Friday, July 18, 2014

Letting Go: On Being and Becoming








I remember being a young girl, dreaming of the house that would one day be mine. It was by the sea (of course), was small, white,had a fireplace and outside there were flower laden window boxes, a small garden and in it I was happy.

I started collecting things for that house when I was about seventeen. But the house has not yet materialized and I am far from young. It dawned on me not that long ago that that house was in all likelihood never going to materialize and that I had carted books, trinkets and piles of art made by friends across continents and countries that for decades have been packed tightly in boxes. They would never see the light of day until after my own demise. This realization woke me up.

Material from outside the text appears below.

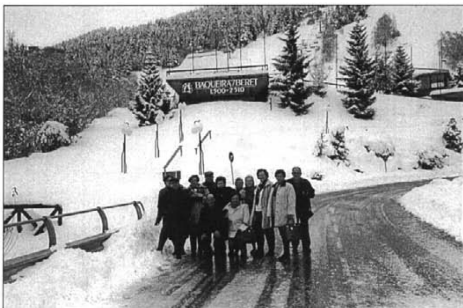
Aquest grup de montuïrers a mitjan novembre feren una excursió pels Pirineus. El dia 17, malgrat el fred i la neu pujaren fins a l'Estació de Baqueira-Beret on encara tengueren humor per fer-se aquesta foto

Over my lifetime I have lived the full gamut. I have slept on African dirt with palm fronds, I have slept in a brothel for want of anywhere else that would take me and my Japanese lover on a 1972 pilgrimage to Charleville in the Ardennes of Belgium, to the birthplace of the poet Arthur Rimbaud; I have slept on train station benches, and under the stars and when I was married I lived in an historic castle in France where quite frankly I was not very happy at all. I need a place to lay my head of course and I would love to live in peace, without worry of such basic matters such as where exactly that head will lie next, the subject being of quite alarming and dubious question. The long and short of it is that I am lucky to have what I have, not in the material sense, but the lack of the need for much of anything at all and the knowledge that things always work out one way or another. Letting go of the need for things to be different was a huge relief. 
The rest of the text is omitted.